A faithful transcription is wanted of the lines from the top of the material through the line that holds "规则的汀步以不规则的排列,在水中呈现出不同的效果。", both ends included, leaving out the pictures.

=== Source material ===
========================
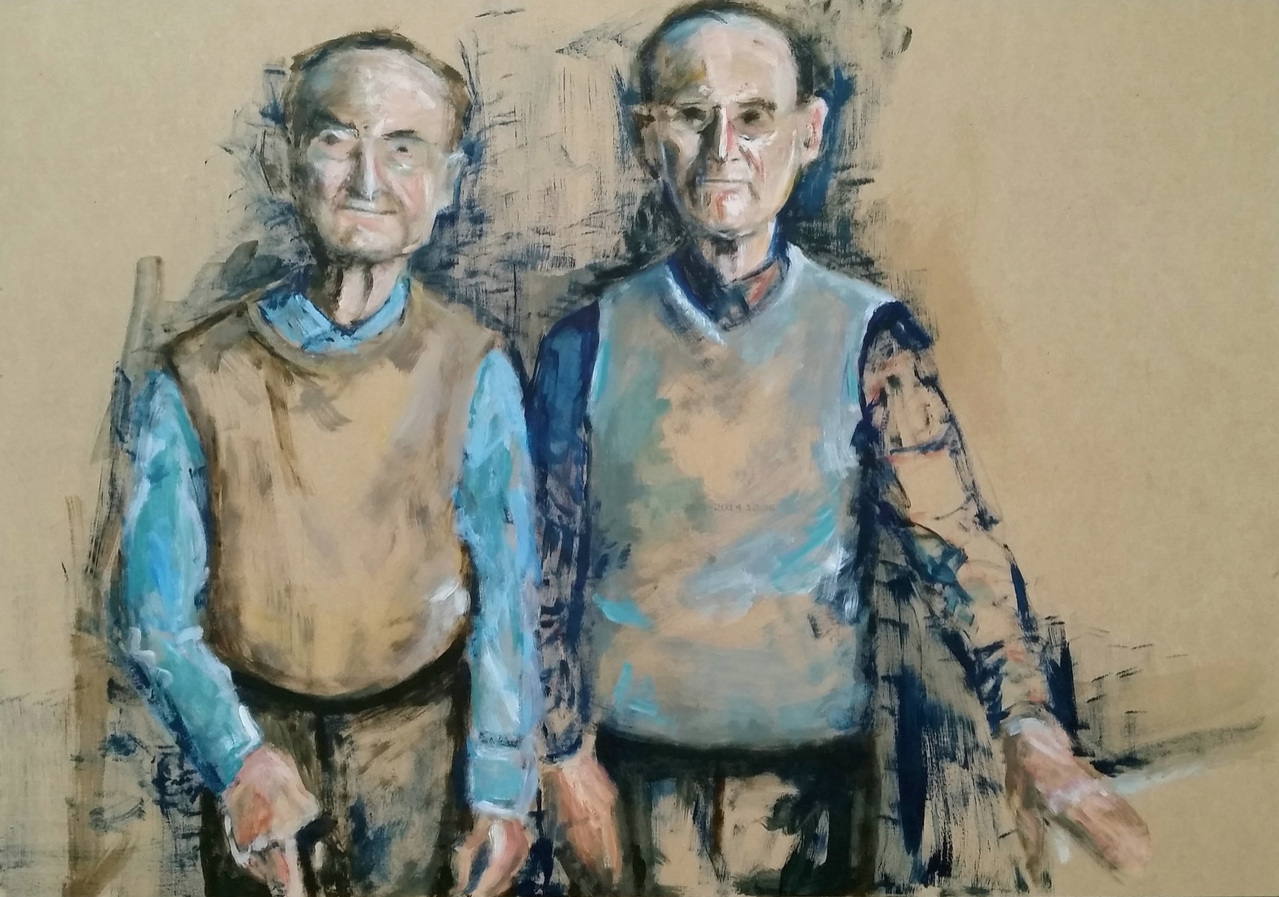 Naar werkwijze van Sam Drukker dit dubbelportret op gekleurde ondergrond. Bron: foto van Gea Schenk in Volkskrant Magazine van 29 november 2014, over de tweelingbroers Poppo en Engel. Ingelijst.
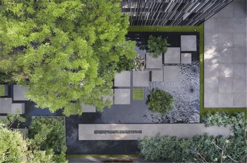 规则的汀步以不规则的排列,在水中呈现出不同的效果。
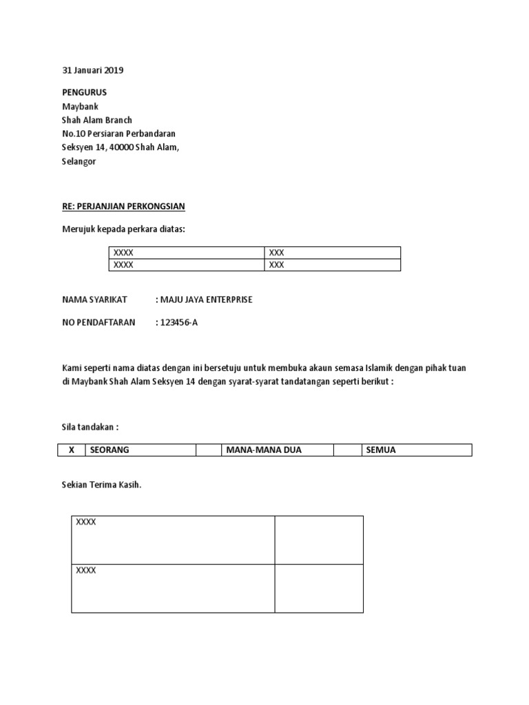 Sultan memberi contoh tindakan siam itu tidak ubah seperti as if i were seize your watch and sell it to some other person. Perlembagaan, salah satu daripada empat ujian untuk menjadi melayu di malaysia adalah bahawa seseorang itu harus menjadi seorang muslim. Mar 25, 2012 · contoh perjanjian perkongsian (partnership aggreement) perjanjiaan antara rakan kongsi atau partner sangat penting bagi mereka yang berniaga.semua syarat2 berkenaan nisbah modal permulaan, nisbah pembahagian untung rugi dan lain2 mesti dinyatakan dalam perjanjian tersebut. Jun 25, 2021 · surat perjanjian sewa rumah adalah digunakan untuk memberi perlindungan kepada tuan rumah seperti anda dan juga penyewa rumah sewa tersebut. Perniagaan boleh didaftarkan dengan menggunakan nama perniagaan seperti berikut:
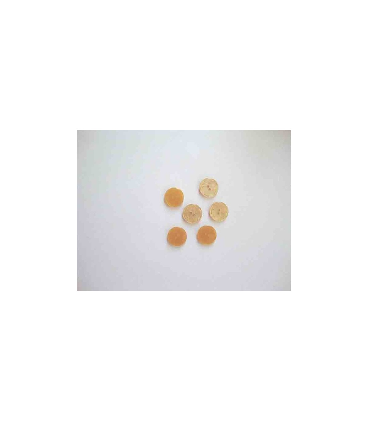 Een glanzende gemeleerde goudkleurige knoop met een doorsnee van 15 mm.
========================
=== Written response ===
 Naar werkwijze van Sam Drukker dit dubbelportret op gekleurde ondergrond. Bron: foto van Gea Schenk in Volkskrant Magazine van 29 november 2014, over de tweelingbroers Poppo en Engel. Ingelijst.
 规则的汀步以不规则的排列,在水中呈现出不同的效果。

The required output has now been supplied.